# The Secret of NIMH (1982)



## Foxbat (Mar 3, 2005)

Please stick your ramblings/musings/rants here


----------



## McMurphy (Mar 4, 2005)

*Questions*

I don't want to steer the discussion too much towards a book versus film comparison, but of those viewers who had also read the novel, do you feel that the Brisby's quest is as fantastic as in the book? 

Why do you believe the filmmakers may have chosen to add the element of the amulet, which was not in the book? What does the amulet symbolize, or how does it serve as a storytelling device?


Jenner, the rat who had murderous ideas of how to gain control of the rats of NIMH, was simply a rat who left the group in the book. Why do you believe he became so evil in the film adaption?

Why was it necessary for Mrs. Brisby to seek out the owl from a storytelling perspective?


If this isn't the first time viewing the film, when did you first see it?

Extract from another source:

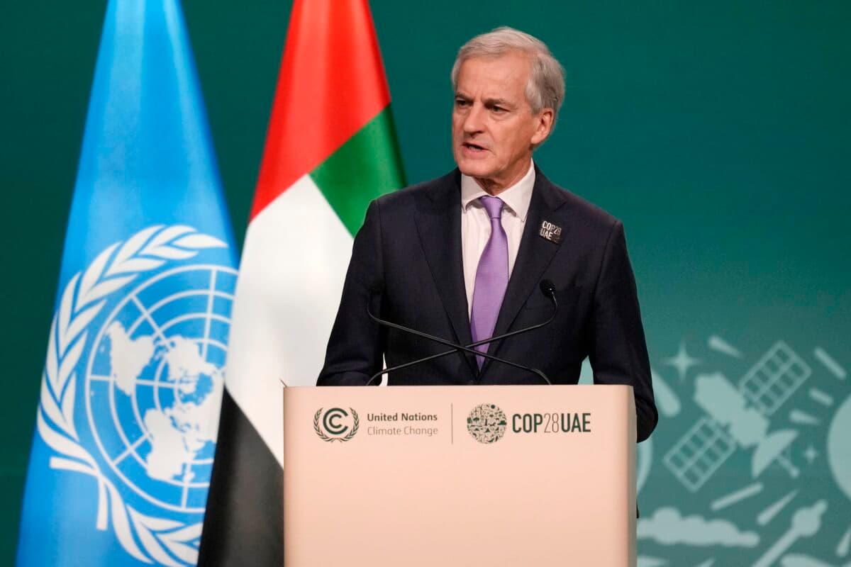 Statsminister Jonas Gahr Støre vil ikke rokke ved noen ting i Norges oljepolitikk. Her snakker han under COP28 i Dubai. (Foto: Rafiq Maqbool, NTB/AP)

*Fun Fact:* Because of copyright problems with the name Frisbee, the film had to change Mrs. Frisby to Mrs. Brisby. Unfortunately, the problem didn't arise until after the audio was recorded, so her name had to be redubbed in all the shots later on in production (sourced from the DVD sleeve).


----------



## GrownUp (Mar 14, 2005)

I am displeased. I posted, or rather tried to post, a long and involved reply to this and the form, or my computer, or the aether, ate it and now I shall never remember what it was that I said. The rehash:

The amulet. The way you feel when it lights up and you see her rise. Ace. It is a... what is the word? verification? justification? ...of her heart. Because, I'm thinking that the film is less of a phsyical quest.

The questiest part of it is when she goes to find the rat that is  Derek Jacobi. 

The film action is swept along by events, don't you think? So the amulet plays its part as a marker in the mental journey going on at the same time. The prize, the grail, is her finding, and coming into her power, or maybe the proof of her power. And the amulet is brilliant in showing that moment.


----------



## BookStop (Jun 1, 2006)

*The Secret of Nimh*

I just bought The Secret of Nimh because one of my kids loved the book.  I saw it when it first came out, but completely forgot about it.  It is so much fun! It has drama, comedy, mysticism, thrills.  Anyone else out there a fan of this animated kids flick?


----------



## the_faery_queen (Jun 1, 2006)

*Re: The Secret of Nimh*

yep  love the books, love the toon  love it


----------



## j d worthington (Jun 1, 2006)

*Re: The Secret of Nimh*

Oddly, I've never seen this; but I've heard recommendations. Perhaps I should check it out. Yet another thanks I owe you folks for jogging my memory....


----------



## Winters_Sorrow (Jun 1, 2006)

*Re: The Secret of Nimh*

I remember enough that the old owl and the rats scared the bejeezus out of me when I was little


----------



## CarlottaVonUberwald (Jun 21, 2006)

*Re: The Secret of Nimh*

is this as in the rats of nimh? or something different ( my memory is not what it  used to be)


----------



## BookStop (Jun 21, 2006)

*Re: The Secret of Nimh*

Yep- film adaptation of Mrs. Frisby and the Rats of Nimh


----------



## CarlottaVonUberwald (Jun 21, 2006)

*Re: The Secret of Nimh*

immense i loved that book
although i hate rats...
illogical and kool


----------



## weaveworld (Jun 21, 2006)

*Re: The Secret of Nimh*

*Read when I was a young yin, loved it!*


----------



## Nesacat (Jun 22, 2006)

*Re: The Secret of Nimh*

Love the books and the film. Still have the books on my shelves and have a read every so often. Nasty things those rats.


----------



## Carolyn Hill (Jun 22, 2006)

*Re: The Secret of Nimh*

Hey! Lay off the rats!  

Anyhow, I loved the books.  Images of a tractor coming to tear up my home haunt me.


----------